Some reporting tools do exist to help in benchmarking aspects of clinical information system safety. Chaparro and colleagues report on the safety performance of computerized physician order entry (CPOE) across 41 US pediatric hospitals, using the Leapfrog CPOE tool.4 Their data raises concerns, given that on average only 62% of potential medication errors were detected by CPOE, with a range of 23 to 91%. The better news was that performance seemed to increase by about 4% per year, indicating perhaps that feeding back results of these tests might prompt system improvement.
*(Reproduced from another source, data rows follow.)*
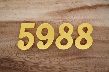 Golden Arabic numerals on a real brown and white wooden floor number 5988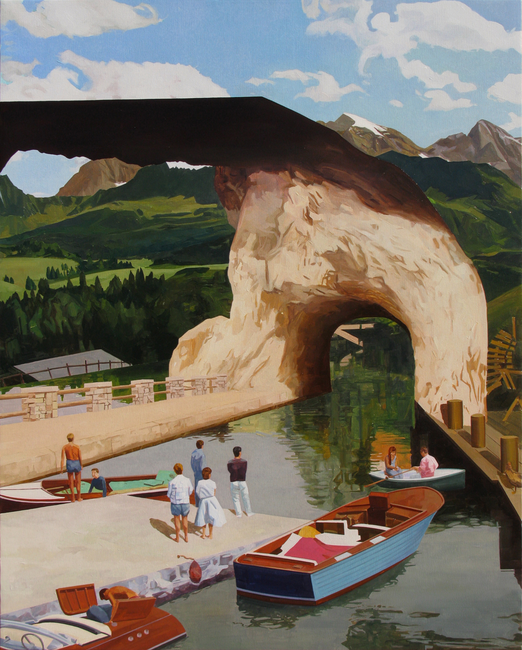 Piccola caverna conduce due amanti ad ammirare l’insolito lago, 2020, olio su tela, 125×100 cm.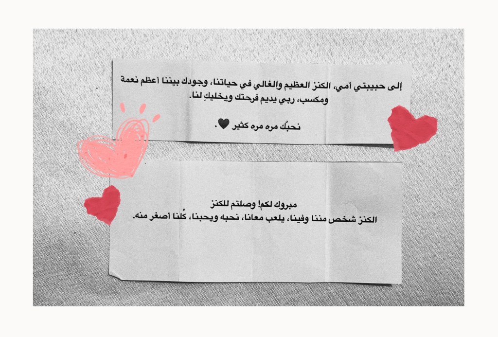 خلال رحلة كتابتي لهذه التدوينة، وبينما أجلس مع أمي في إنتفاضة الجرد السنوي، مررت لي بطاقتان وهي تتبسّم بحب “لا زلت أحتفظ فيها، تتذكري؟”، فتحت الأوراق بنسيان تام وما إن قرأت فحواها ضحكت بصدمة لاحتفاظها بأوراق إحدى مسابقات عيد ١٤٤١هـ. أتذكرها من أبسط المسابقات وأعظمها أثرًا، كانت لعبة البحث عن الكنز ببساطة، ولكن كنزنا الثمين الذي تنافس الجميع لعدة دقائق في معرفته والوصول إليه لعدة دقائق هو: أمي.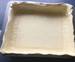 Blätterteig aufrollen, eine Backform (habe eine eckige genommen) /alternativ eine 26 cm Springform- damit auslegen, den überschüssigen Teig als Rand auslegen.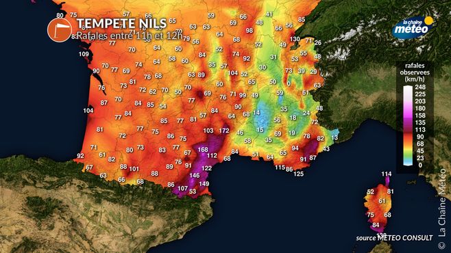 Tempête Nils : rafales maximales observées © La Chaine Météo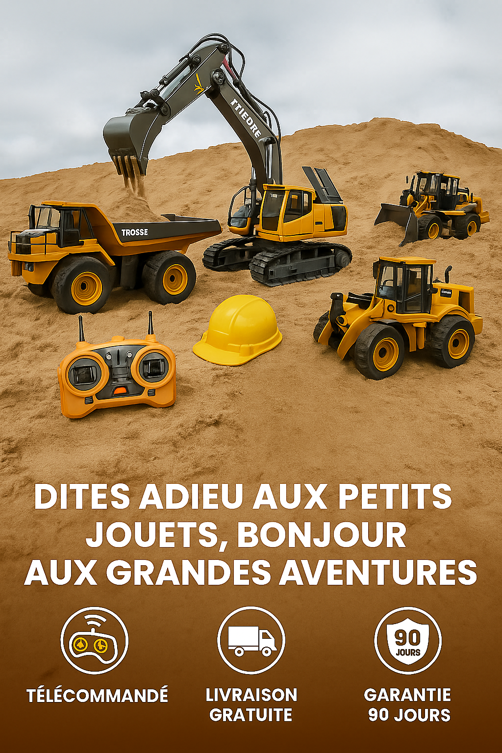 ✔️ Comprend : 1× bulldozer RC, 1× excavatrice RC, 1× tombereau RC, 1× chargeuse RC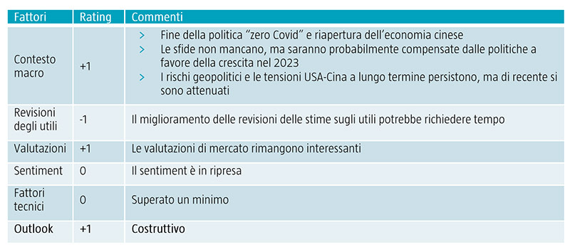 Di seguito riassumiamo le attuali prospettive per gli investitori in Cina sulla base del nostro modello a cinque fattori.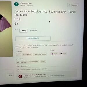 Disney Pixar Buzz Lightyear boys Kids T-Shirt - Purple and Black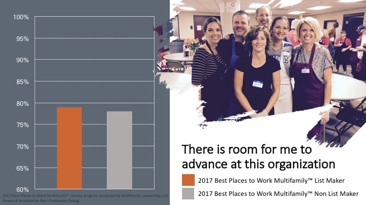Amongst those that made the list of the Best Places to Work Multifamily™ 79% believe there is room for them to advance in their organization.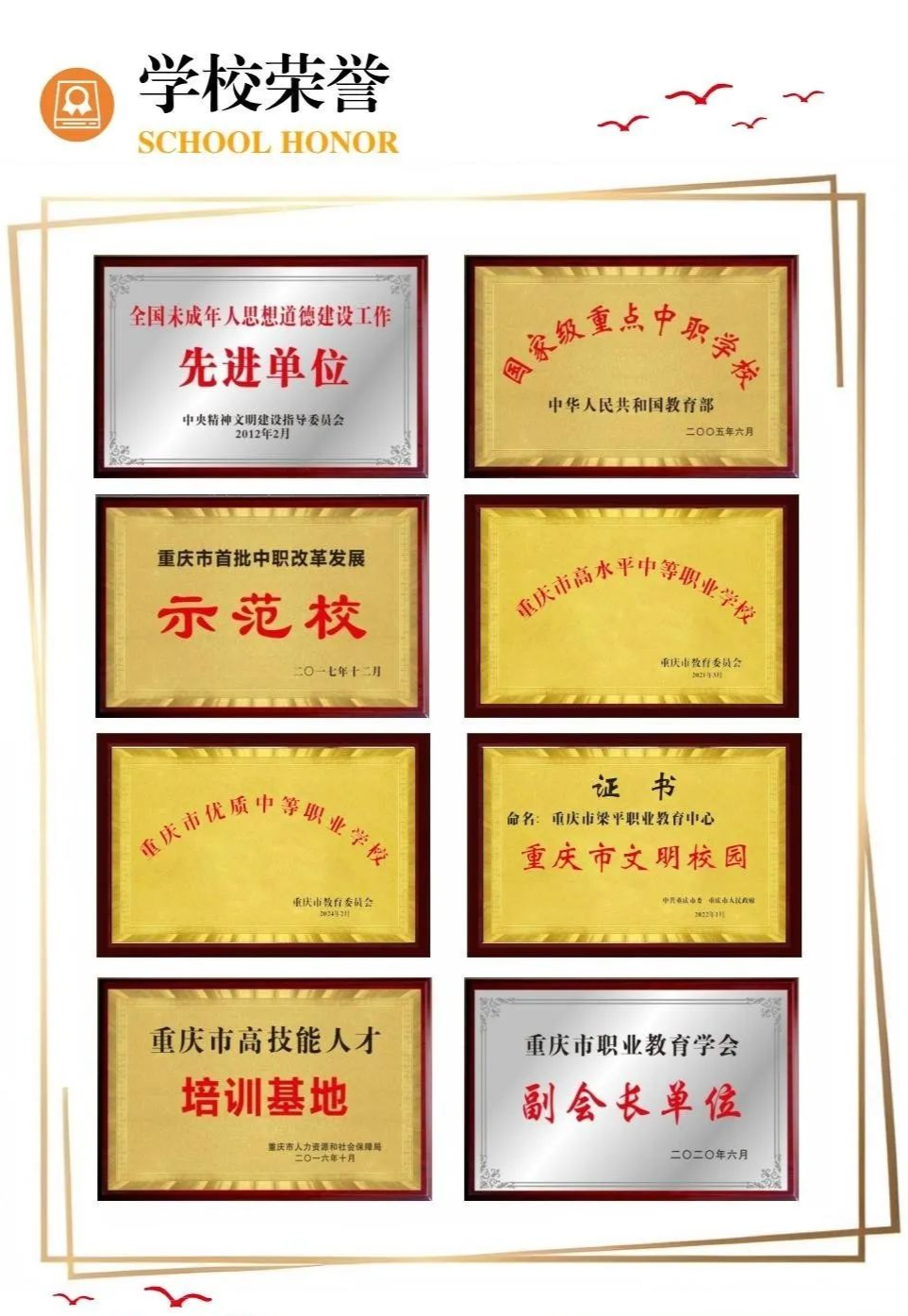 重庆市梁平职业教育中心是梁平区唯一一所公办全日制中等职业学校,是国家级重点中职学校、重庆市首批中职改革发展示范校、重庆市高水平中等职业学校、重庆市双优中等职业学校,是中央文明委命名的全国未成年人思想道德建设先进单位,是重庆市委、市政府命名的重庆市文明校园。

Key to patient safety, whether technology associated or not, is the development of a safety culture. In their paper on safety huddles, Menon et al. explore how daily discussions to identify and manage safety risks in healthcare, including those associated with electronic health records, appear to create a collective sense of situational awareness of safety issues, which is a necessary prerequisite to responding to such problems.5

So, what does it mean to safely use information technology in healthcare? We would hope firstly that errors in technology design, construction and implementation are few. Many other safety critical industries face similar challenges and we need not reinvent what already seems to work well. Part of technology brittleness comes from the clash between the “work as imagined” encoded in software, and the complexity and fluidity of “work as done”, executed in practice.6 Workarounds and errors can arise when users try to bend systems to their true work needs, either because their work needs have changed, or there are fundamental misunderstandings between designer and user about what work looks like. Embracing the ‘missing’ information about user needs that is left in plain sight when users create workarounds should give designers the insights needed to craft more adaptive and localisable technologies.7

Performability (performance related reliability) is a concept, developed in computer engineering, to describe a graceful degradation in system performance as components start to fail.8 Performable systems are thus relatively resilient in the face of failure because performance does not quickly fall over a cliff when things go wrong, and degradation can be visible, giving system users valuable warning that they are working in a higher risk context. While performability is already likely to be a design property of infrastructure such as computer networks and databases, it is not a design feature of other parts of the system. We really should be engineering performability into workflows, user interfaces, and socio-technical procedures such as return to paper during a computer downtime. Harnessing redundancy in design can enhance the likelihood of graceful degradation under system stress and improve patient safety.9

We also have much to learn from success as well from failure. Patient safety researchers are increasingly emphasising the need to both study Safety-1 (when things go wrong) as well as Safety-2 (when things go right).10Understanding why similar events in one setting lead to harm but not in another, or what triggers a ‘great catch’ can be highly instructive.11

Informatics safety science is still in its infancy. We have over the last decade focussed mainly on making the case to take the safety of information technology seriously, by documenting what can go wrong, and demonstrating the consequences that such problems bring. We must not forget that technology has overall improved patient safety, despite the new risks, and that our clinical users have high expectations of technology performance. The next decade of safety research must move to building systems that can effectively detect problems as they unfold, and ensure the design of such systems are as resilient as possible in the face of inevitable system stresses and failures. Risk cannot ever be completely engineered out of our systems, but it can be effectively managed and minimised. There remains much to do.